■ Required action: Transcribe the data below verbatim from the line with "(ALL GASP) DREYFUSS: It" to the line with "農道金剛寺〜横江頭首工〜八尾 70km 2024年". Include both of those lines.

■ Data for review:
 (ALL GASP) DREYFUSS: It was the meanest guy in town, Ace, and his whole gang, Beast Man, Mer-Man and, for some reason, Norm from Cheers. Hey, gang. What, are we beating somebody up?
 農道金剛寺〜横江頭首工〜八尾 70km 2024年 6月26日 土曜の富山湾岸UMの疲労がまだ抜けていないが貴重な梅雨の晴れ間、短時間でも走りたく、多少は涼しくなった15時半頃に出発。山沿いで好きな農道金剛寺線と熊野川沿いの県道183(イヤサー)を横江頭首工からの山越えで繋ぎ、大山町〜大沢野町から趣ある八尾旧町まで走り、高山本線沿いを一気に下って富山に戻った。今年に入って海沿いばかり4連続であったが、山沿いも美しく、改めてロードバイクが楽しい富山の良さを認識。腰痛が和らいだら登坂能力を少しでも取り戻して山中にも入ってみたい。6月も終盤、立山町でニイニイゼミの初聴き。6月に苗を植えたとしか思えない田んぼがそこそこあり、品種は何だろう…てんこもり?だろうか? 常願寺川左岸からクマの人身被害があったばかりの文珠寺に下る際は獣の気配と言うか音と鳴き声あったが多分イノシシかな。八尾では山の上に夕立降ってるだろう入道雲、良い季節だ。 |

...

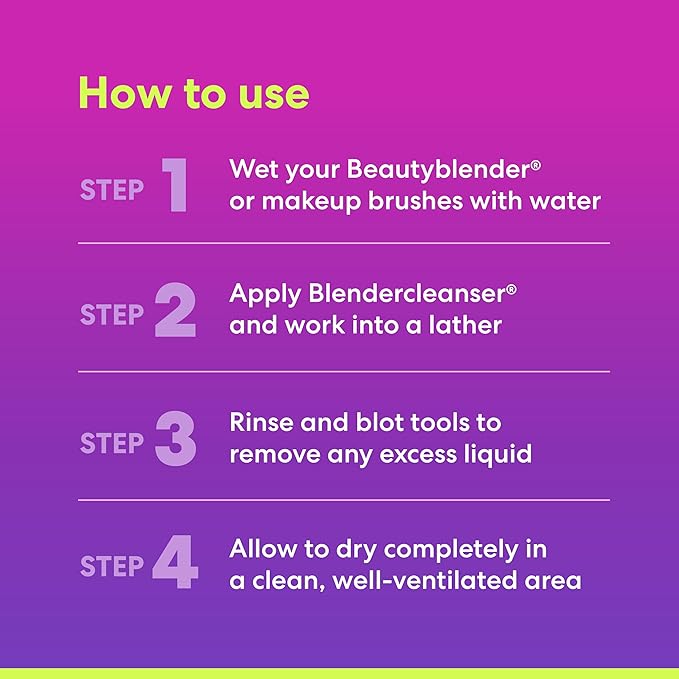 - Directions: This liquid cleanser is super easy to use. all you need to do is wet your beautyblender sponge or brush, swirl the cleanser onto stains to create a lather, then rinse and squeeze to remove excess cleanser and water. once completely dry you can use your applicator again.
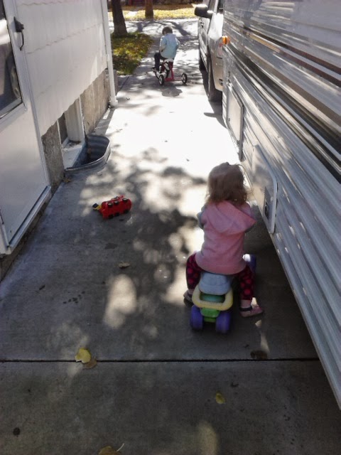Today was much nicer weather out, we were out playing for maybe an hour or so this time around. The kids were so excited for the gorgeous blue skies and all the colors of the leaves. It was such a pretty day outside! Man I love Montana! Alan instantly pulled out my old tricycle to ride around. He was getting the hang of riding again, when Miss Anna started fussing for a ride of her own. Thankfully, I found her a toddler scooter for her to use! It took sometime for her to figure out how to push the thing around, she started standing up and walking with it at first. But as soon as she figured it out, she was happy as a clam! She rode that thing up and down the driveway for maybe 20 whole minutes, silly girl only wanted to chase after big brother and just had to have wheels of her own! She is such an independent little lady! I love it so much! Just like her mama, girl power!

■ Written response:
 (ALL GASP) DREYFUSS: It was the meanest guy in town, Ace, and his whole gang, Beast Man, Mer-Man and, for some reason, Norm from Cheers. Hey, gang. What, are we beating somebody up?
 農道金剛寺〜横江頭首工〜八尾 70km 2024年 6月26日 土曜の富山湾岸UMの疲労がまだ抜けていないが貴重な梅雨の晴れ間、短時間でも走りたく、多少は涼しくなった15時半頃に出発。山沿いで好きな農道金剛寺線と熊野川沿いの県道183(イヤサー)を横江頭首工からの山越えで繋ぎ、大山町〜大沢野町から趣ある八尾旧町まで走り、高山本線沿いを一気に下って富山に戻った。今年に入って海沿いばかり4連続であったが、山沿いも美しく、改めてロードバイクが楽しい富山の良さを認識。腰痛が和らいだら登坂能力を少しでも取り戻して山中にも入ってみたい。6月も終盤、立山町でニイニイゼミの初聴き。6月に苗を植えたとしか思えない田んぼがそこそこあり、品種は何だろう…てんこもり?だろうか? 常願寺川左岸からクマの人身被害があったばかりの文珠寺に下る際は獣の気配と言うか音と鳴き声あったが多分イノシシかな。八尾では山の上に夕立降ってるだろう入道雲、良い季節だ。 |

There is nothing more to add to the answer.